LAS VEGAS (Reuters) – President Donald Trump is capping a frenzied first week back in office with a stop in Las Vegas on Saturday to talk about cutting taxes on tips, a 2024 campaign promise he made in the gambling and hospitality hub.

Since taking office on Monday, the new Republican president reversed a myriad of policies put in place by Democratic predecessor Joe Biden and moved to fulfill his vow of remaking and shrinking the federal bureaucracy.

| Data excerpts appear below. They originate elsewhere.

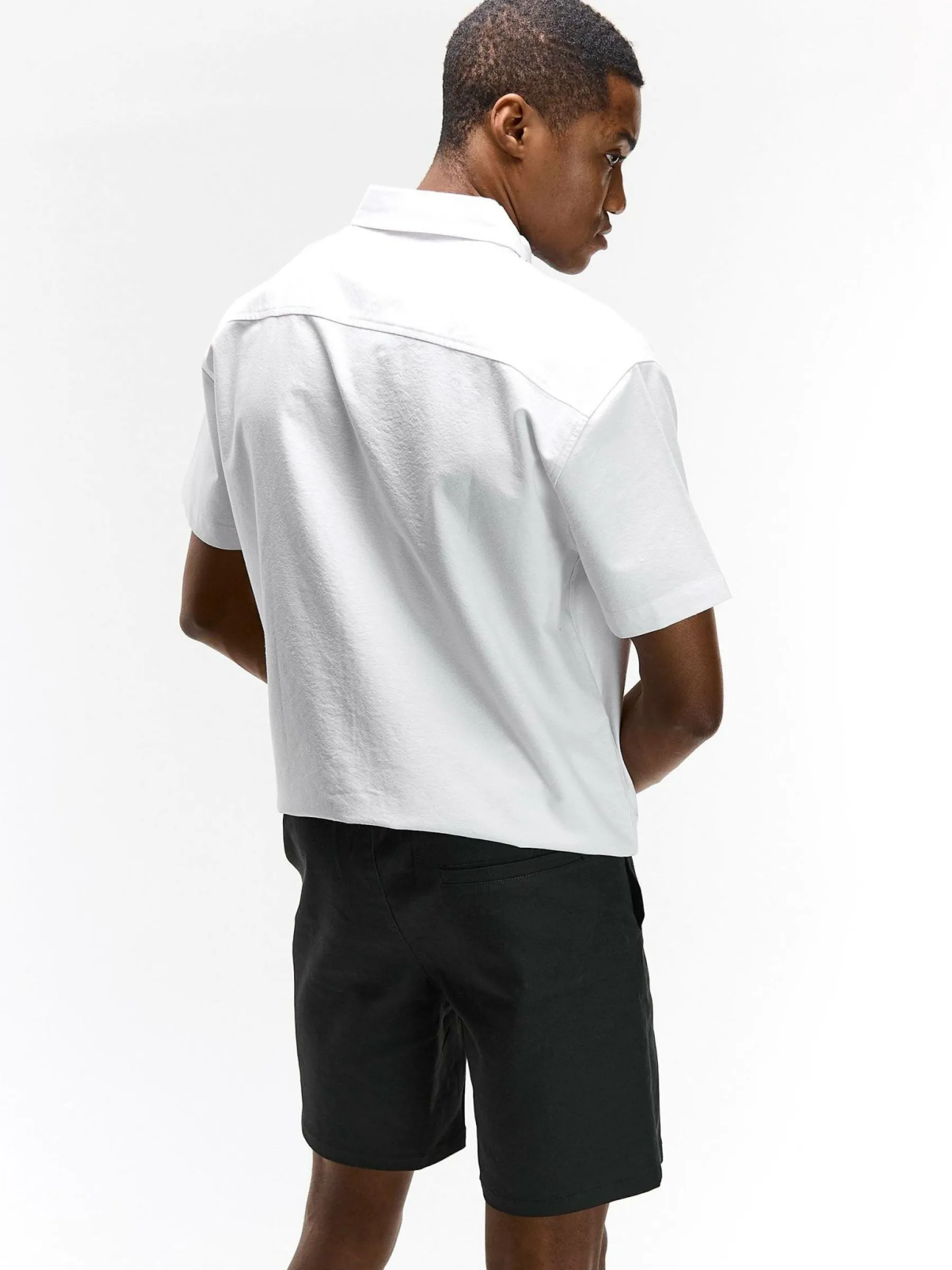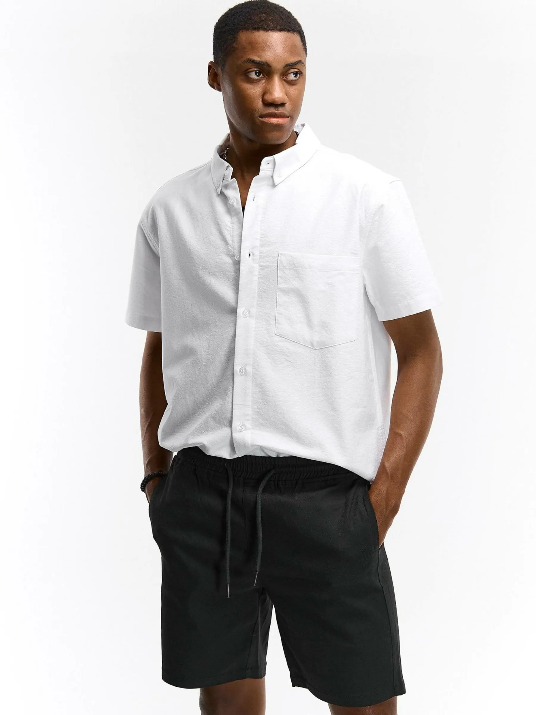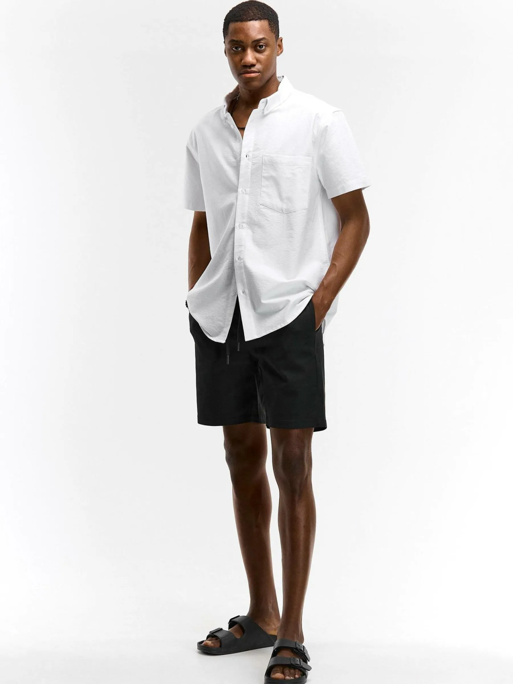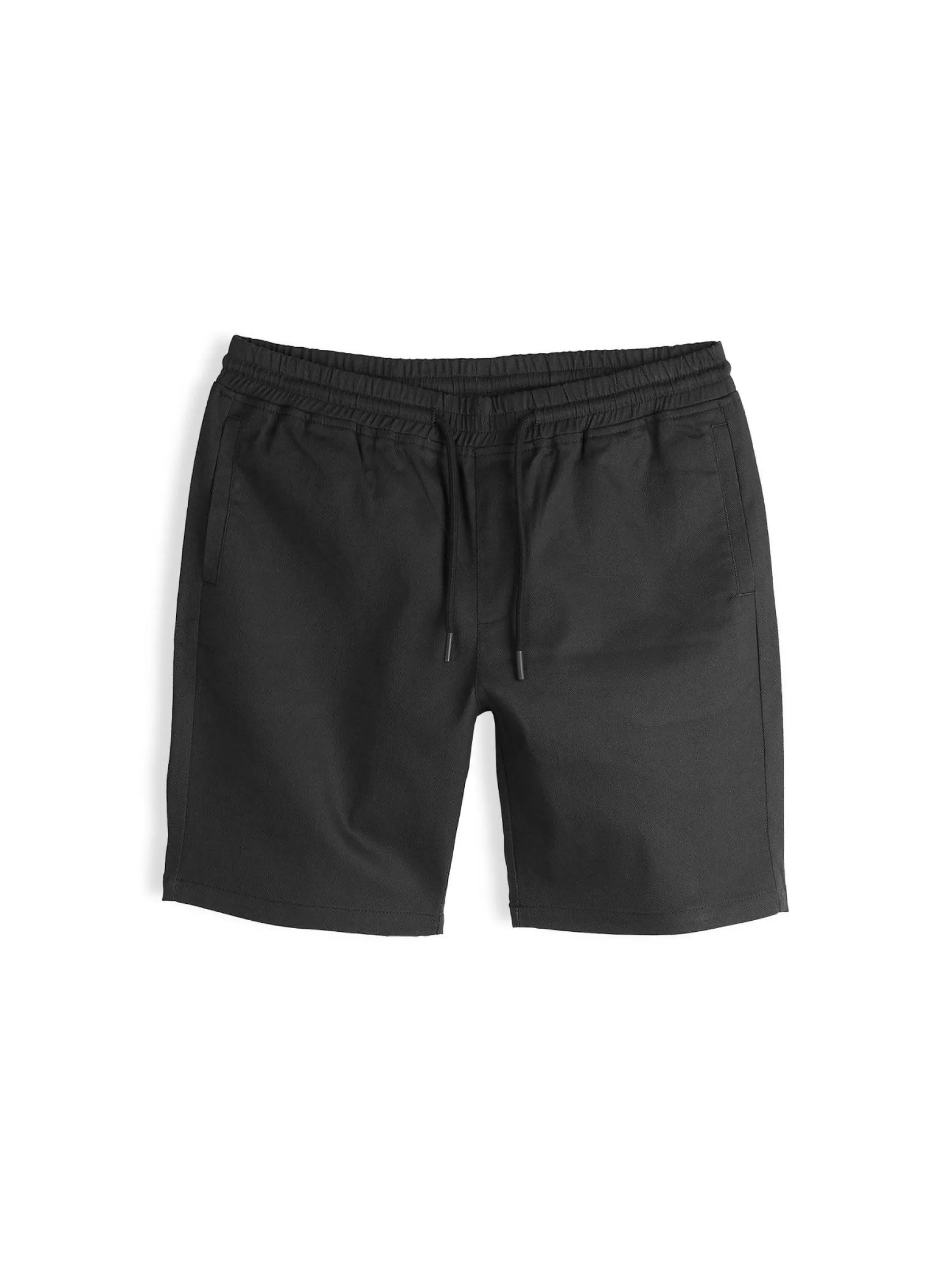 Kolor: czarnyKrój: straightTyp: spodenkiDługość: krótkiPattern style: pojedynczy kolorDetal: ze sznurowaniem, z kie…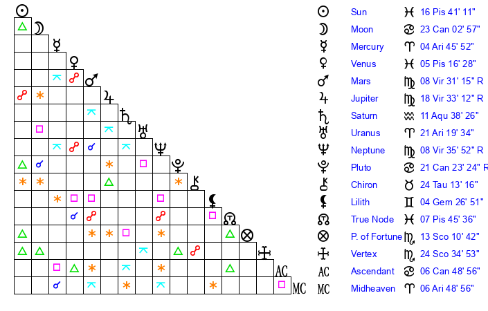 | Sun | 16 Pisces 41 | 17 Pisces 22 | 16 Gemini 28 |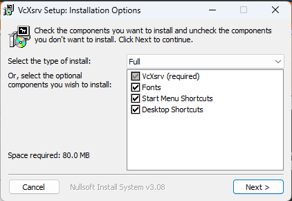 - 다운로드한 설치 프로그램을 더블클릭해서 ‘VcXsrv’ 프로그램을 설치합니다.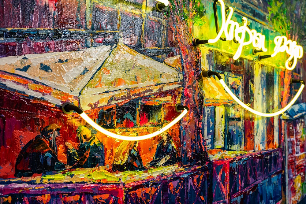 В своих работах комбинирует живопись мастихином на холсте с неоновыми, стеклянными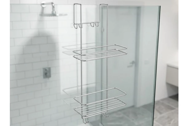 Závěsný sprchový regál je ideálním řešením pro každého, kdo hledá pořádek v koupelně bez nutnosti vrtání do obkladů. Dvoupatrová sprchová police nabízí dostatek místa pro veškerou kosmetiku od šamponů až po mýdla. Praktické háčky umožňují pohodlné zavěšení ručníků i žínek. Speciální povrchová úprava chrometherm zajišťuje antistatické vlastnosti, vysokou odolnost proti korozi a zároveň usnadňuje údržbu.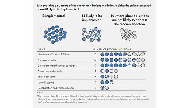 “We concluded that actions planned in response to 10 recommendations were unlikely to address the concerns of the Inquiry in full. The remaining 14 recommendations relate to areas where planned action will take some time to embed but will, in our view, eventually address the Inquiry concerns.”

In visits on Friday to disaster areas in North Carolina and California, Trump pledged federal aid to help those states recover from hurricane and wildfires after floating an idea to shutter the Federal Emergency Management Agency.

In Las Vegas, Trump was expected to discuss a less controversial pledge to end taxation of income from tips and overtime, a proposal he first made in June as he courted service workers in the presidential swing state of Nevada. The tip-heavy hospitality industry comprises more than a fifth of jobs.

“Can you remember that little statement about tips?” Trump said during one of several inauguration day speeches on Monday. “Anybody remember that little statement? I think we won Nevada because of that statement.”

Michael McDonald, Nevada Republican Party chairman, said the idea is attractive to people in the state who are facing high prices for essential goods like food and gas.

“He cares about the no tax on tips, no tax on Social Security. That was something that we brought to the community, and everybody loved it because we’re all hurting,” McDonald told local television after welcoming Trump on Friday night.

Trump promised to pursue an aggressive agenda of tax cuts if re-elected, which may face some hurdles even in a U.S. Congress controlled by his fellow Republicans.

The proposals Trump made on the campaign trail – from extending his 2017 tax cuts to abolishing tax on tips, overtime and Social Security benefits – could add $7.5 trillion to the nation’s debt over the next decade, according to the nonpartisan Committee for a Responsible Federal Budget.

Trump is pushing a plan to explicitly use revenue from higher tariffs on imported goods to help pay for extending trillions of dollars in tax cuts, an unprecedented shift likely to face opposition from Republican budget hawks concerned about the reliability and durability of tariff revenue.

Days before he returned to office, some of his Republican allies in Congress warned that Trump’s aggressive tax-cut agenda could fall victim to signs of worry in the bond market.

At a closed-door meeting on Capitol Hill, Republicans in the House of Representatives aired concerns that the estimated $4 trillion cost over the next 10 years of extending the 2017 Trump tax cuts could undermine the U.S. government’s ability to service its $36 trillion in debt, which is growing at a pace of $2 trillion a year.